As you can see, most of the time the shader doesn't do more than 100 iterations. 如您所见，大多数情况下着色器的迭代次数不超过100次。

However this shader takes 200 000 microseconds to execute on average in a gtx 1070. 然而，这个着色器在gtx 1070中平均执行200 000微秒。

Since the issue is not number of executions, my problem is likely to be on thread execution. 由于问题不是执行次数，我的问题可能是线程执行。

Does anyone know how I could optimize this code? 有谁知道如何优化这段代码？ The biggest botttleneck seems to be the use of a stack. 最大的底线似乎是堆栈的使用。

If I run the same code without pushing to the stack (generating wrong output), there is a 10 fold improvement in runtime 如果我在不推送到堆栈的情况下运行相同的代码（生成错误的输出），则运行时间会有10倍的改进

Answer 1

It seems you test for intersection with the ray most of all voxels in each level of the octree. 看起来你测试的是与八角形的每个级别中的大多数体素的光线相交。 And sort them (by some distance) also in each level. 并在每个级别中对它们进行排序（相隔一段距离）。 I propose another approach. 我提出另一种方法。

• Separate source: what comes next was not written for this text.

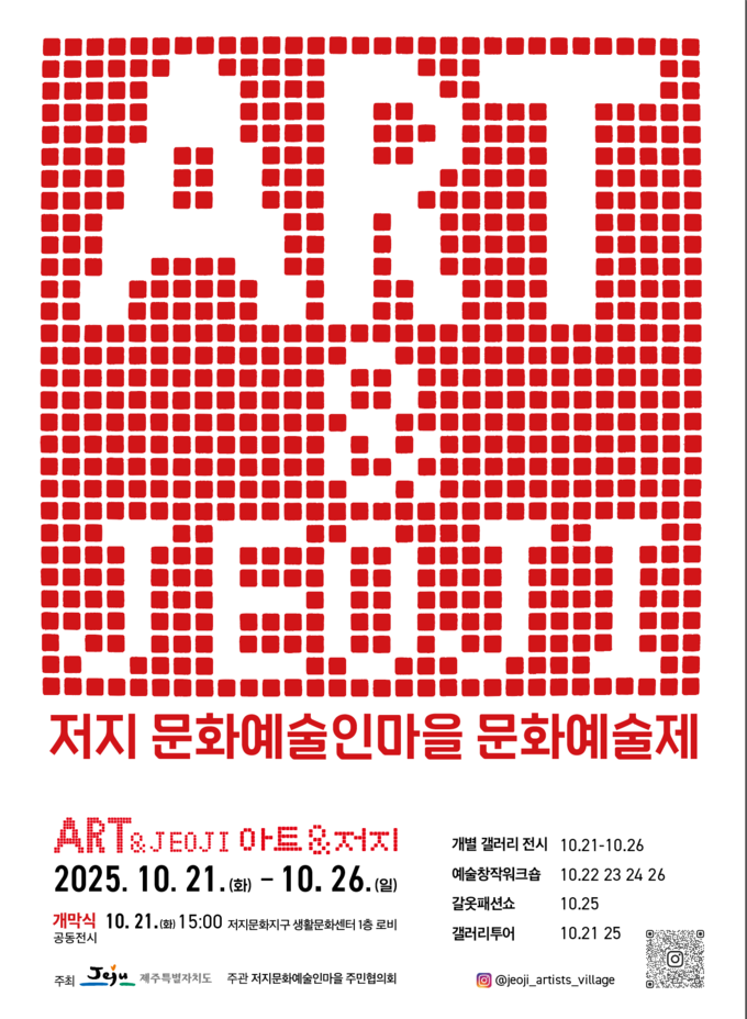 제주특별자치도는 21일부터 26일까지 저지 문화예술인마을에서 ‘아트 앤 저지(ART&JEOJI) 2025’ 행사가 열린다고 밝혔다.

If the ray intersects with the bounding box (level 0 of the octree) it makes it at two faces of the box. 如果光线与边界框（八叉树的0级）相交，则它在框的两个面上。 Or in a corner or an edge, these are "corner" cases. 或者在角落或边缘，这些是“角落”的情况。

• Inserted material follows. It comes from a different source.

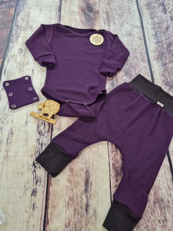 ⚠️ Upozornění: Vzhledem k jemnosti merina nedoporučujeme komplet pro celodenní nošení u aktivně lezoucích miminek, případně jen jako spodní vrtsvu pod odolnější materiál 😉

Finding the 3D ray-plane intersection can be done like here . 可以像这里一样找到3D射线平面交点。 Finding if the intersection is inside the face (quad) can be done by testing if the point is inside of one of the two triangles of the face, like here . 找到交叉点是否在面内（四边形）可以通过测试该点是否在面的两个三角形之一内来完成，就像这里一样。

Get the farthest intersection I0 from the camera. 从相机获取最远的交叉点I0 。 Also let r be a unit vector of the ray in the direction I0 toward the camera. 还让r是朝向摄像机的方向I0上的光线的单位矢量。

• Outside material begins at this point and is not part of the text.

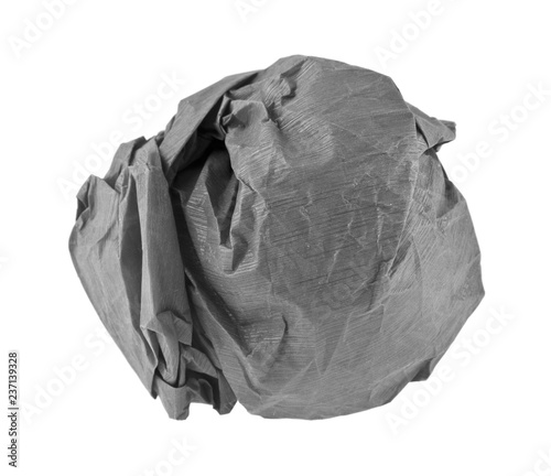lump of crumpled gray paper isolated on white background

Find the deepest voxel for I0 coordinates. 找到I0坐标最深的体素。 This is the farthest voxel from the camera. 这是相机中最远的体素。

Now we want the exit-coordinates I0e for the ray in that voxel, through another face. 现在，我们希望通过另一个面，该体素中的光线的出口坐标I0e 。 While you could do again the calculations for all 6 faces, if your voxels are X,Y,X aligned and you define the ray in the same coordinates system as the octree, then calculae simplify a lot. 虽然您可以再次对所有6个面进行计算，但如果您的体素是X，Y，X对齐并且您在与八叉树相同的坐标系中定义光线，那么计算会简化很多。

Apply a little displacement (eg a 1/1000 of the smallest voxel size) to I0e by the r unit vector of the ray: I1 = I0e + r/1000 . 通过射线的r单位矢量向I0e施加一点位移（例如，最小体素大小的1/1000）： I1 = I0e + r/1000 。 Find the voxel to these I1 . 找到这些I1的体素。 This is the next voxel in the sorted list of voxel-ray intersections. 这是体素射线交叉排序列表中的下一个体素。

Repeat finding I1e then I2 then I2e then I3 etc. until the bounding box is exited. 重复找到I1e然后I2然后I2e然后I3等，直到退出边界框。 The list of crossed voxels is sorted. 交叉体素列表已排序。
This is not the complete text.